YOUR GOAL >> Every line of the records that holds the word "Bild" should be copied out.

[Opening ENTRIES SUPPLIED section]

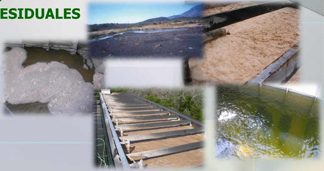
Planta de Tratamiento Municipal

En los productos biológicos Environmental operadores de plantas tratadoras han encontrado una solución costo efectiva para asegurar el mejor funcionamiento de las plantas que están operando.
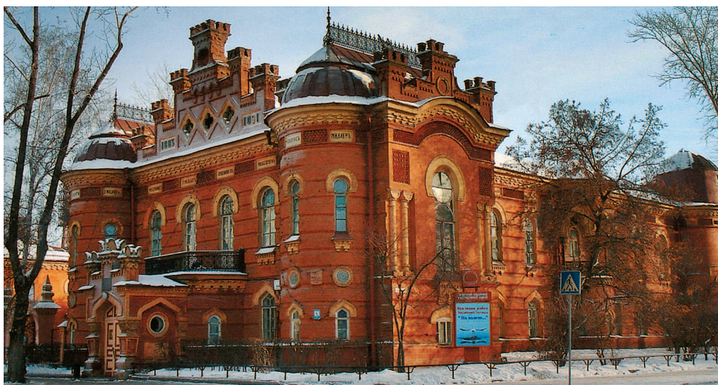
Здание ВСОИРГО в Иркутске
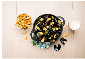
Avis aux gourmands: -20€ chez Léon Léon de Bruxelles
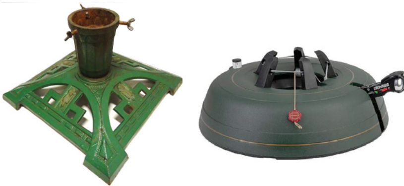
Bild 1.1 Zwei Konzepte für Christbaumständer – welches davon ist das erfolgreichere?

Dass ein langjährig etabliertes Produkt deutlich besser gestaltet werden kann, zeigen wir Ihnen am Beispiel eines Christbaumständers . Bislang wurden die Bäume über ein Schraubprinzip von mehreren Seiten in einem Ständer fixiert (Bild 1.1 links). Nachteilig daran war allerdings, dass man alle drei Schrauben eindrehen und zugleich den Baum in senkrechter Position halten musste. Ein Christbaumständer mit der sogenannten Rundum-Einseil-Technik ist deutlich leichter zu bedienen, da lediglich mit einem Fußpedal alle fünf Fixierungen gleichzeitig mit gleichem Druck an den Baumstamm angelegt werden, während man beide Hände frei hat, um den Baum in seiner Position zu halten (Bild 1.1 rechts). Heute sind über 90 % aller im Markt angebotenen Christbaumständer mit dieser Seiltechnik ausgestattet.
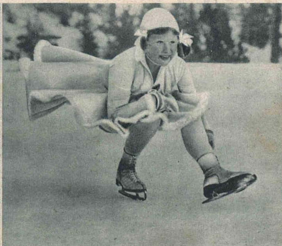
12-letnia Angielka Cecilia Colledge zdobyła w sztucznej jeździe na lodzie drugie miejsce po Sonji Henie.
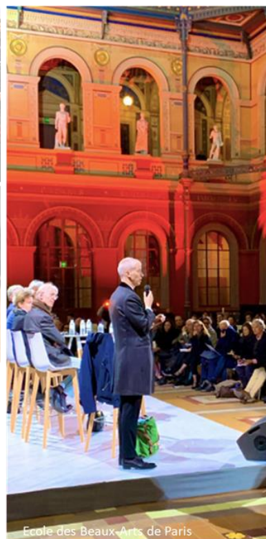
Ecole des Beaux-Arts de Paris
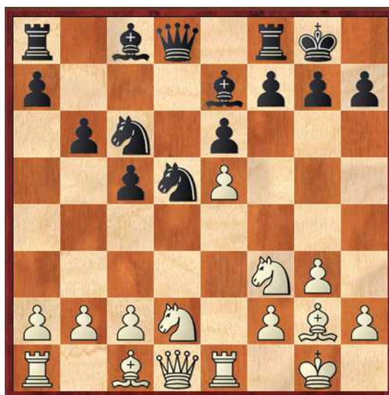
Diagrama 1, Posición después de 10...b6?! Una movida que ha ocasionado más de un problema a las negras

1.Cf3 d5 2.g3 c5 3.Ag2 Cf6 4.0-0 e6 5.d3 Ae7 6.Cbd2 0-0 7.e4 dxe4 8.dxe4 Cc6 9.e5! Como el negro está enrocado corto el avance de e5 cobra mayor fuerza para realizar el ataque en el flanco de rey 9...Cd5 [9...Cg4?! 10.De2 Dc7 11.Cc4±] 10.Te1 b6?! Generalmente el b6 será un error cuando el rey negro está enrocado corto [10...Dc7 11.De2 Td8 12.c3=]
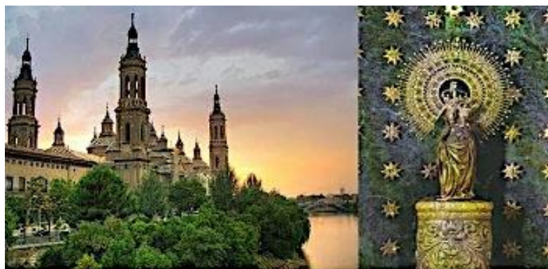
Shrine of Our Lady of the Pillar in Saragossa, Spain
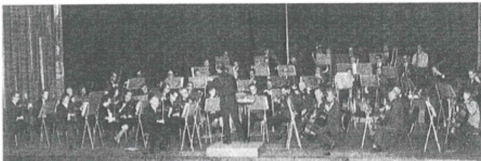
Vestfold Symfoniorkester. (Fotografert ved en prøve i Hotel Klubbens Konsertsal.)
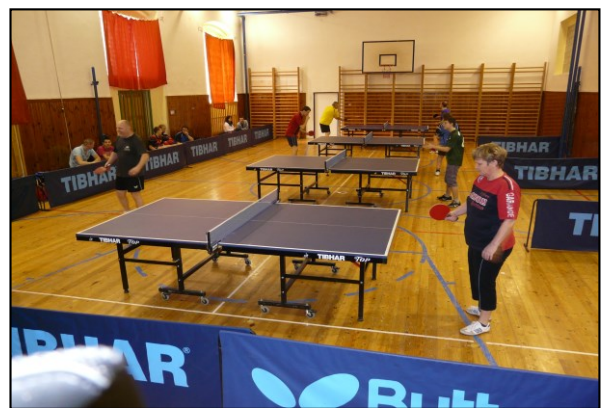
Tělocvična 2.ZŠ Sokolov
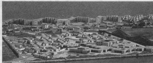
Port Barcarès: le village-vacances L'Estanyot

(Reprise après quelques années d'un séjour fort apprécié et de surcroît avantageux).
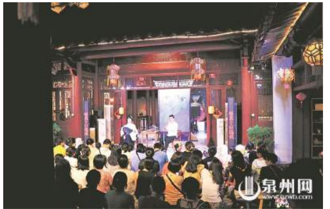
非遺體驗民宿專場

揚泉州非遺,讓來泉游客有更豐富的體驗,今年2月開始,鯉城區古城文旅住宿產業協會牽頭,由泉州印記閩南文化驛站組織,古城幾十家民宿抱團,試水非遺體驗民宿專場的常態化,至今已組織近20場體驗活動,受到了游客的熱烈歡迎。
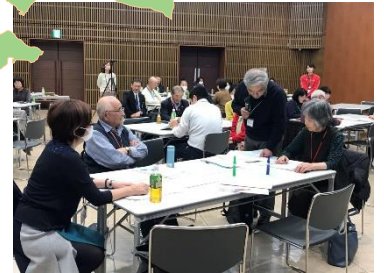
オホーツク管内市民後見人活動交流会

[Closing ENTRIES SUPPLIED section]

RESPONSE TO THE TASK >>
Bild 1.1 Zwei Konzepte für Christbaumständer – welches davon ist das erfolgreichere?
Dass ein langjährig etabliertes Produkt deutlich besser gestaltet werden kann, zeigen wir Ihnen am Beispiel eines Christbaumständers . Bislang wurden die Bäume über ein Schraubprinzip von mehreren Seiten in einem Ständer fixiert (Bild 1.1 links). Nachteilig daran war allerdings, dass man alle drei Schrauben eindrehen und zugleich den Baum in senkrechter Position halten musste. Ein Christbaumständer mit der sogenannten Rundum-Einseil-Technik ist deutlich leichter zu bedienen, da lediglich mit einem Fußpedal alle fünf Fixierungen gleichzeitig mit gleichem Druck an den Baumstamm angelegt werden, während man beide Hände frei hat, um den Baum in seiner Position zu halten (Bild 1.1 rechts). Heute sind über 90 % aller im Markt angebotenen Christbaumständer mit dieser Seiltechnik ausgestattet.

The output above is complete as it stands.